(Stored dataset items)

###

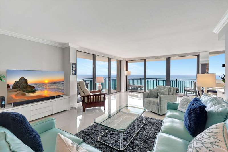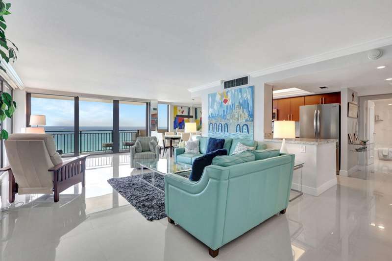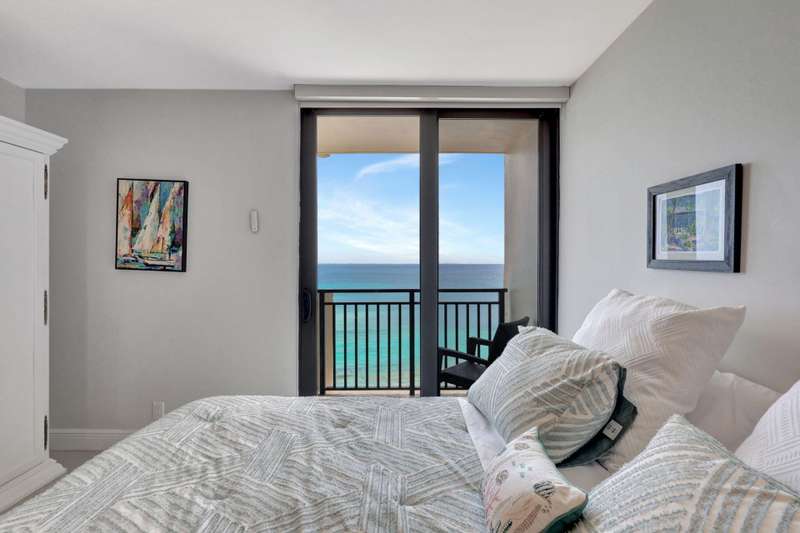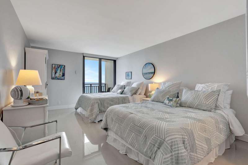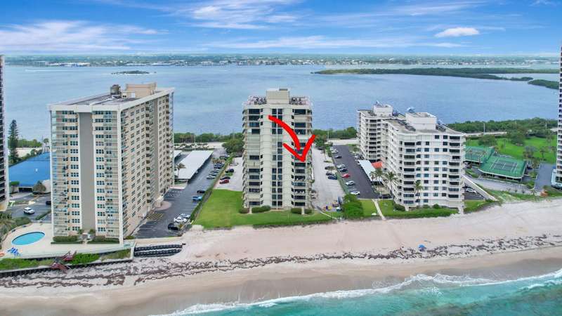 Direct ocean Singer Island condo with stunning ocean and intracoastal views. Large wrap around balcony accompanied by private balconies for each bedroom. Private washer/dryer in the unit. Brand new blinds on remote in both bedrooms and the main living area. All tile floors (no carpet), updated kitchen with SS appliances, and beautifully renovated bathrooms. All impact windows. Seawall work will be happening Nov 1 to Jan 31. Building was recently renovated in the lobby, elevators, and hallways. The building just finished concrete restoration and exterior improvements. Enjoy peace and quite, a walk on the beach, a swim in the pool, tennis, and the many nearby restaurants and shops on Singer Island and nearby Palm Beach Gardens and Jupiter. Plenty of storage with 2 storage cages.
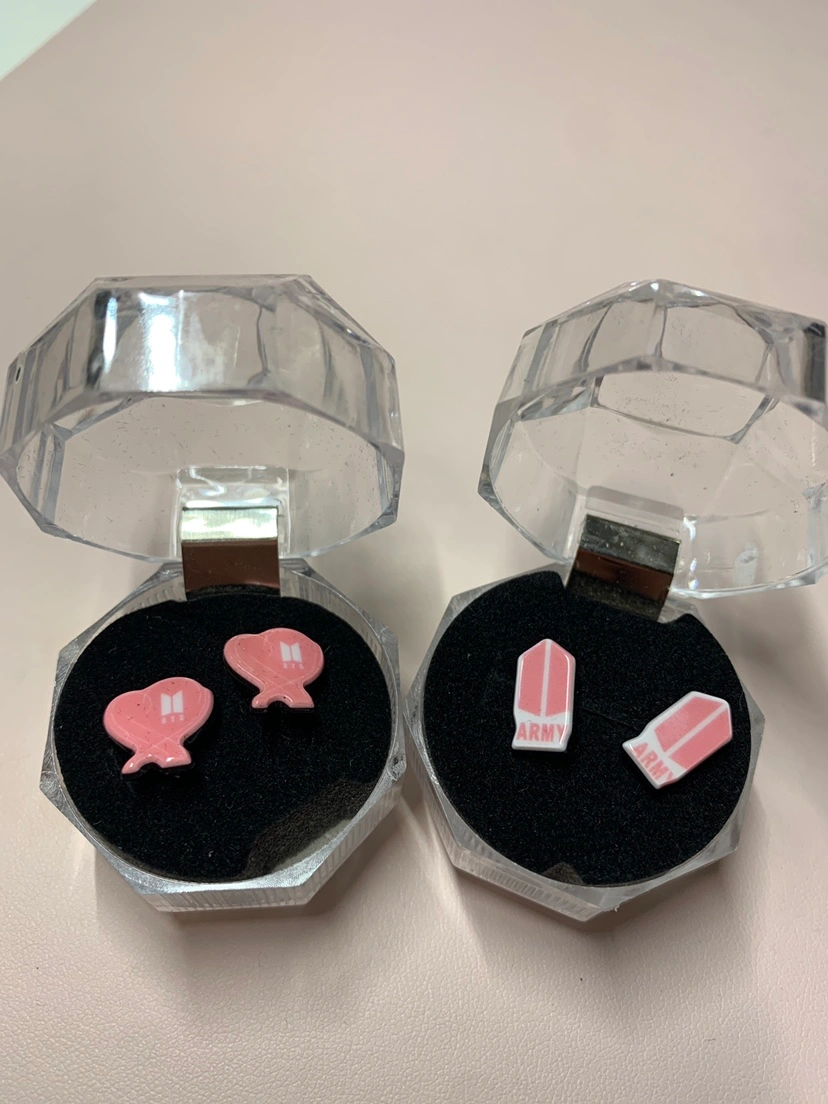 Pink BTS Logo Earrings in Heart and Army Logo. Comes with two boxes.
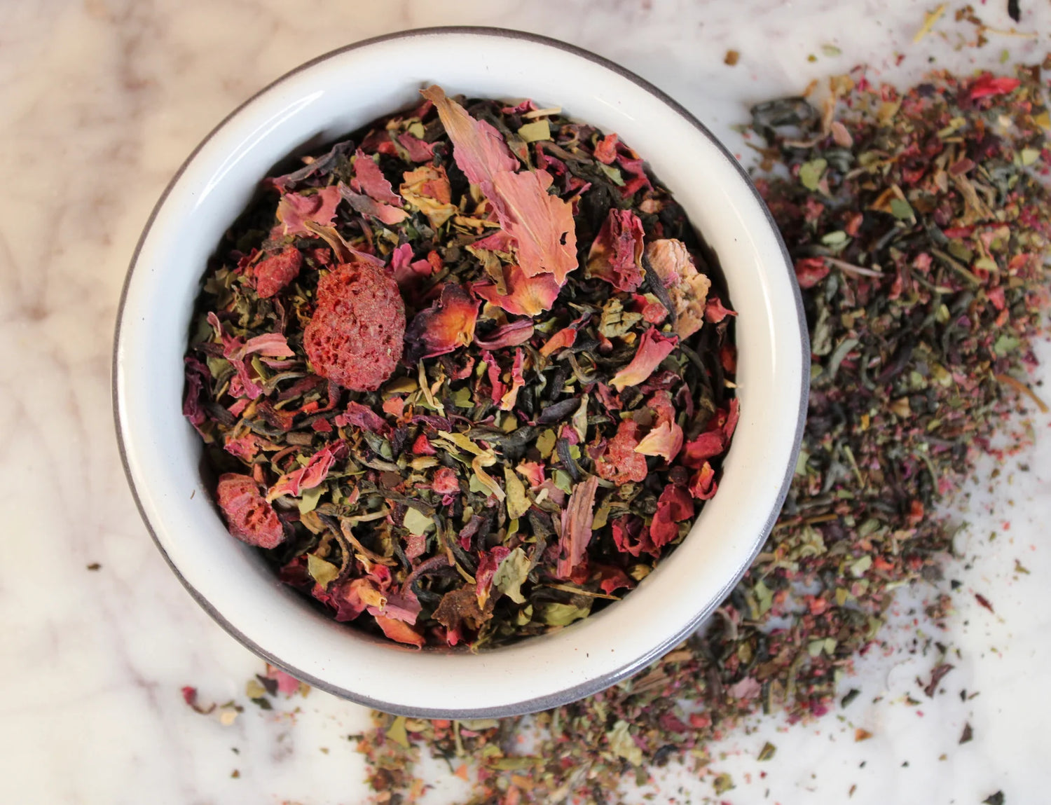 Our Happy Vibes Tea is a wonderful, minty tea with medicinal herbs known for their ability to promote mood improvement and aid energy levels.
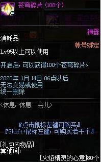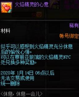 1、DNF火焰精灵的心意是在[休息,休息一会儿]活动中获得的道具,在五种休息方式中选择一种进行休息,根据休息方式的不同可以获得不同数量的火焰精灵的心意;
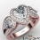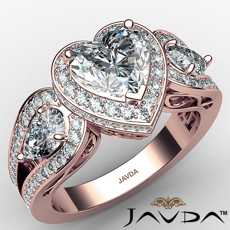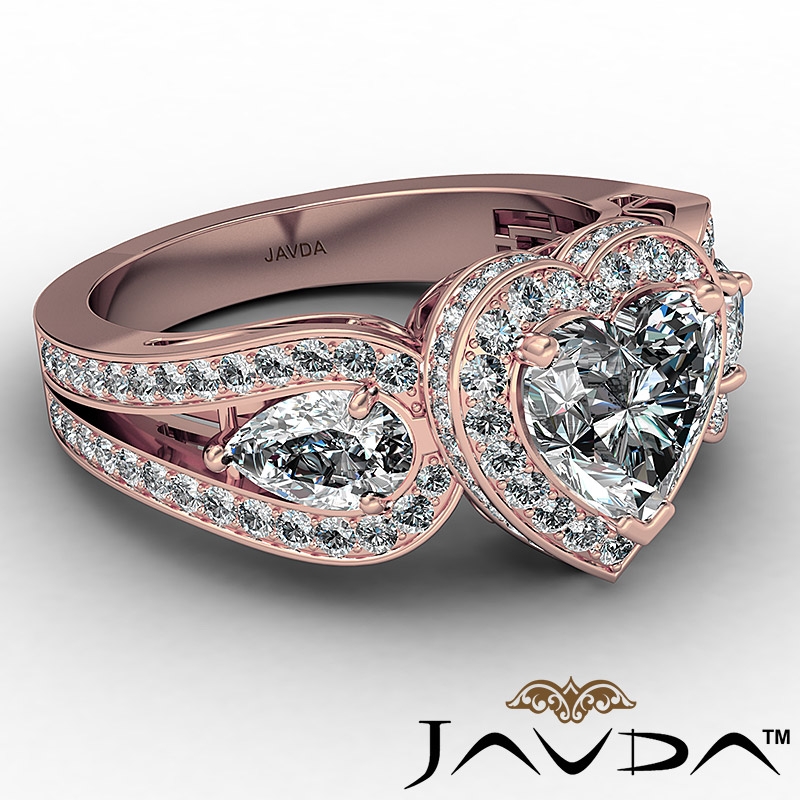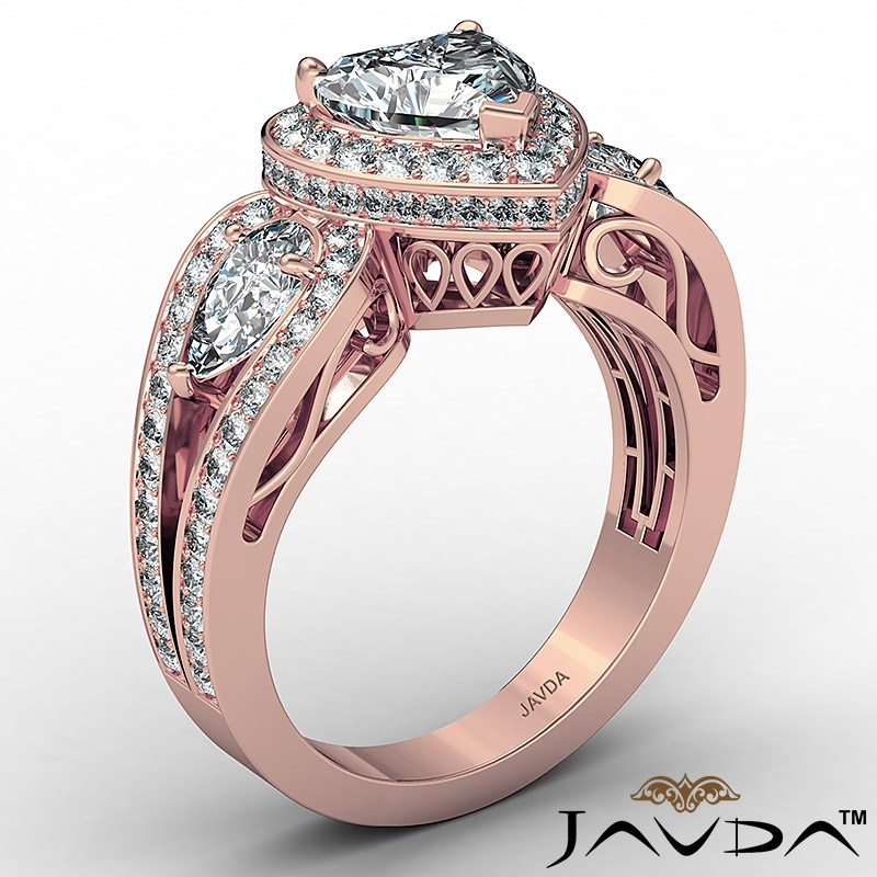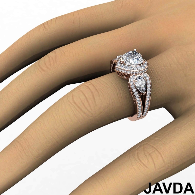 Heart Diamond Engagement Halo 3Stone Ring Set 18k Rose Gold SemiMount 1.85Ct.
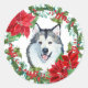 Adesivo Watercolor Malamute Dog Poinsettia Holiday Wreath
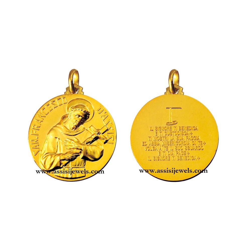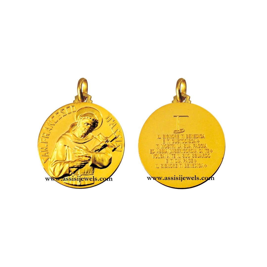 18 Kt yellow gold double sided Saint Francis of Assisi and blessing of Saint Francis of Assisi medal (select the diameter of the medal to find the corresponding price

###

__DIRECTIONS__: Leave out the pictures and output the rest of the records exactly.

__RESULT OF THIS TASK__:
 Direct ocean Singer Island condo with stunning ocean and intracoastal views. Large wrap around balcony accompanied by private balconies for each bedroom. Private washer/dryer in the unit. Brand new blinds on remote in both bedrooms and the main living area. All tile floors (no carpet), updated kitchen with SS appliances, and beautifully renovated bathrooms. All impact windows. Seawall work will be happening Nov 1 to Jan 31. Building was recently renovated in the lobby, elevators, and hallways. The building just finished concrete restoration and exterior improvements. Enjoy peace and quite, a walk on the beach, a swim in the pool, tennis, and the many nearby restaurants and shops on Singer Island and nearby Palm Beach Gardens and Jupiter. Plenty of storage with 2 storage cages.
 Pink BTS Logo Earrings in Heart and Army Logo. Comes with two boxes.
 Our Happy Vibes Tea is a wonderful, minty tea with medicinal herbs known for their ability to promote mood improvement and aid energy levels.
 1、DNF火焰精灵的心意是在[休息,休息一会儿]活动中获得的道具,在五种休息方式中选择一种进行休息,根据休息方式的不同可以获得不同数量的火焰精灵的心意;
 Heart Diamond Engagement Halo 3Stone Ring Set 18k Rose Gold SemiMount 1.85Ct.
 Adesivo Watercolor Malamute Dog Poinsettia Holiday Wreath
 18 Kt yellow gold double sided Saint Francis of Assisi and blessing of Saint Francis of Assisi medal (select the diameter of the medal to find the corresponding price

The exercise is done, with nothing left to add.